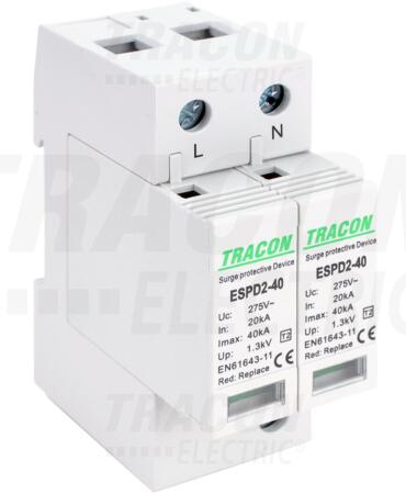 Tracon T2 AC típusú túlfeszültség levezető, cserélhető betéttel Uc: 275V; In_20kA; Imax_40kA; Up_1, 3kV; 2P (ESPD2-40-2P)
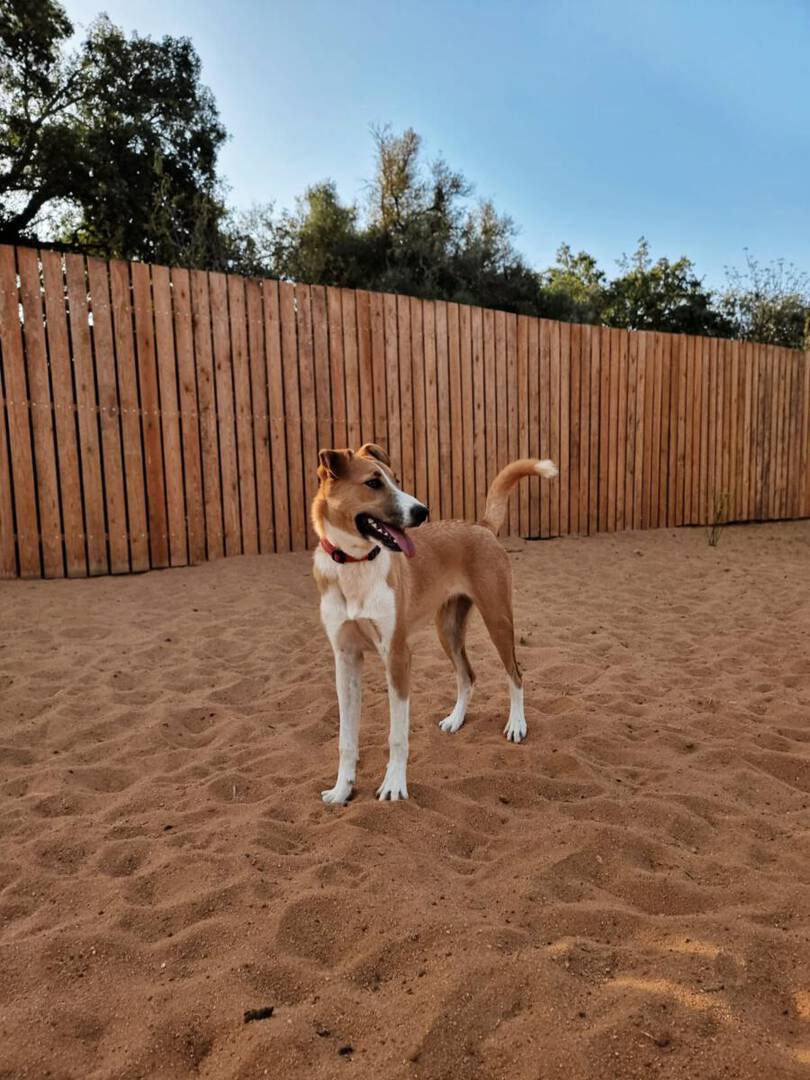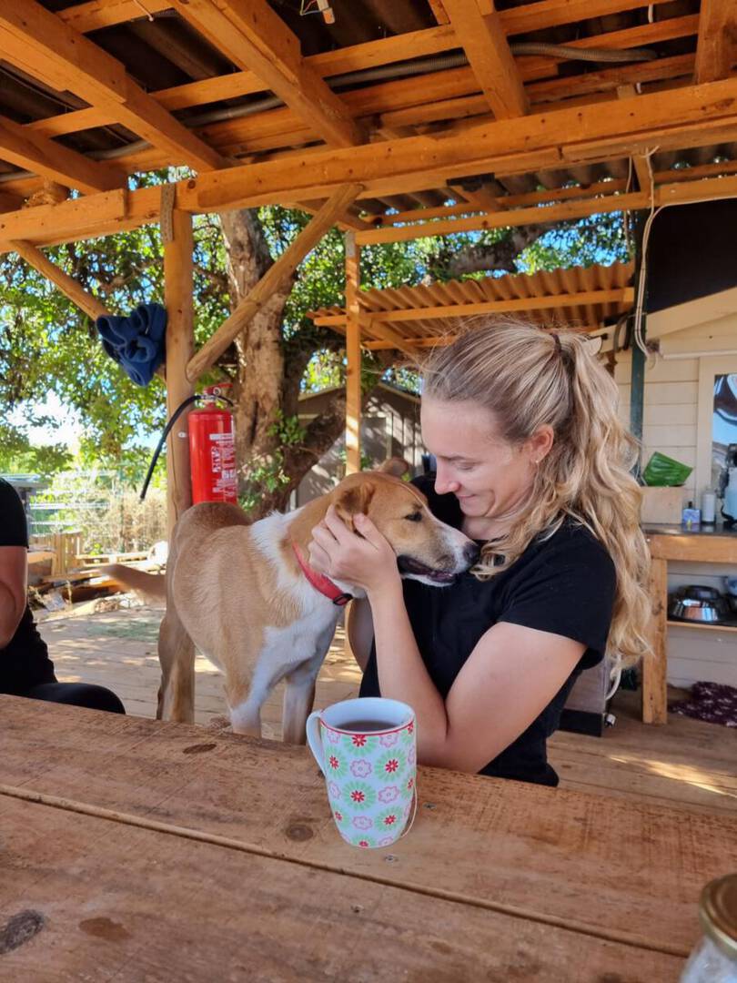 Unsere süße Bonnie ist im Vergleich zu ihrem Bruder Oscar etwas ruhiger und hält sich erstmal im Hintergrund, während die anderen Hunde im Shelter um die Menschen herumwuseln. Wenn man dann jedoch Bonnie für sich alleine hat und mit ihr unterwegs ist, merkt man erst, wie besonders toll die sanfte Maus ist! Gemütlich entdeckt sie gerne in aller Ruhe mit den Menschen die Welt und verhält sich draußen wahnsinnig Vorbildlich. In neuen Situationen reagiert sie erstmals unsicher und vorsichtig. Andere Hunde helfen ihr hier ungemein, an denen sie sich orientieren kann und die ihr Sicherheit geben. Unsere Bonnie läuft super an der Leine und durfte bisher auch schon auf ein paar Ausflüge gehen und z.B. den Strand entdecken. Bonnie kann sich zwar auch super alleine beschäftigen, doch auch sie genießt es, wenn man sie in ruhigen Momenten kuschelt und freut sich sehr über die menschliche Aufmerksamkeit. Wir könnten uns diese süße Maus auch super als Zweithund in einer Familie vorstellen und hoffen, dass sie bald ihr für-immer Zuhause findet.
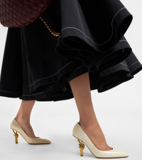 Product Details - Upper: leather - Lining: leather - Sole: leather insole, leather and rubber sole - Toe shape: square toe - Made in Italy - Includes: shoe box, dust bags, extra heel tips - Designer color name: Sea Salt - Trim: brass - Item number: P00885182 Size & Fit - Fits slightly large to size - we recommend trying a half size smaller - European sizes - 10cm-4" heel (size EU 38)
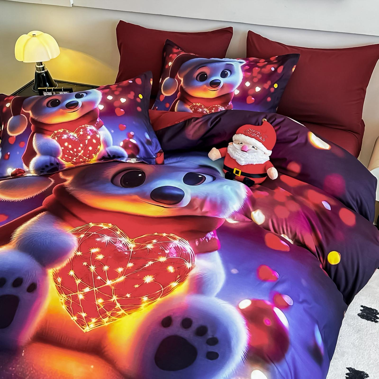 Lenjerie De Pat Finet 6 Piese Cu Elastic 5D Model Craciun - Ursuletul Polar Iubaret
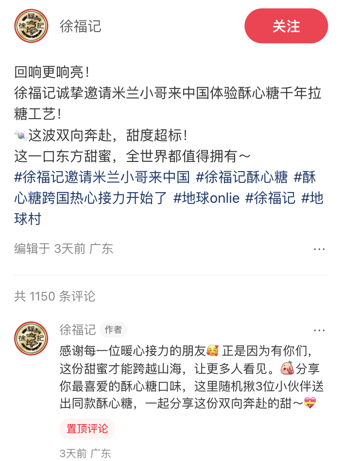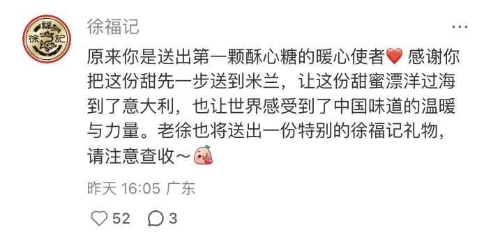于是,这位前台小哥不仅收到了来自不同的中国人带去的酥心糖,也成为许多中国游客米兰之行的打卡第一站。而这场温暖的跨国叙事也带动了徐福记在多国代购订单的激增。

━━━━

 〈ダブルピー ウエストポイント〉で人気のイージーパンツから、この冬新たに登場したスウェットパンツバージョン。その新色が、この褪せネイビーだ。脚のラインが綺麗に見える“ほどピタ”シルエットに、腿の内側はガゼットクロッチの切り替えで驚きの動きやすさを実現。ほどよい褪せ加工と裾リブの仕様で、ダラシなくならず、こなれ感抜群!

━━━━

§ **REQUIREMENT**
Only one part of the material above is wanted: the lines from the one with "Lenjerie De Pat" up to and including the one with "于是,这位前台小哥不仅收到了". Please copy them exactly, pictures left out.

§ **ANSWER SPACE**
 Lenjerie De Pat Finet 6 Piese Cu Elastic 5D Model Craciun - Ursuletul Polar Iubaret
于是,这位前台小哥不仅收到了来自不同的中国人带去的酥心糖,也成为许多中国游客米兰之行的打卡第一站。而这场温暖的跨国叙事也带动了徐福记在多国代购订单的激增。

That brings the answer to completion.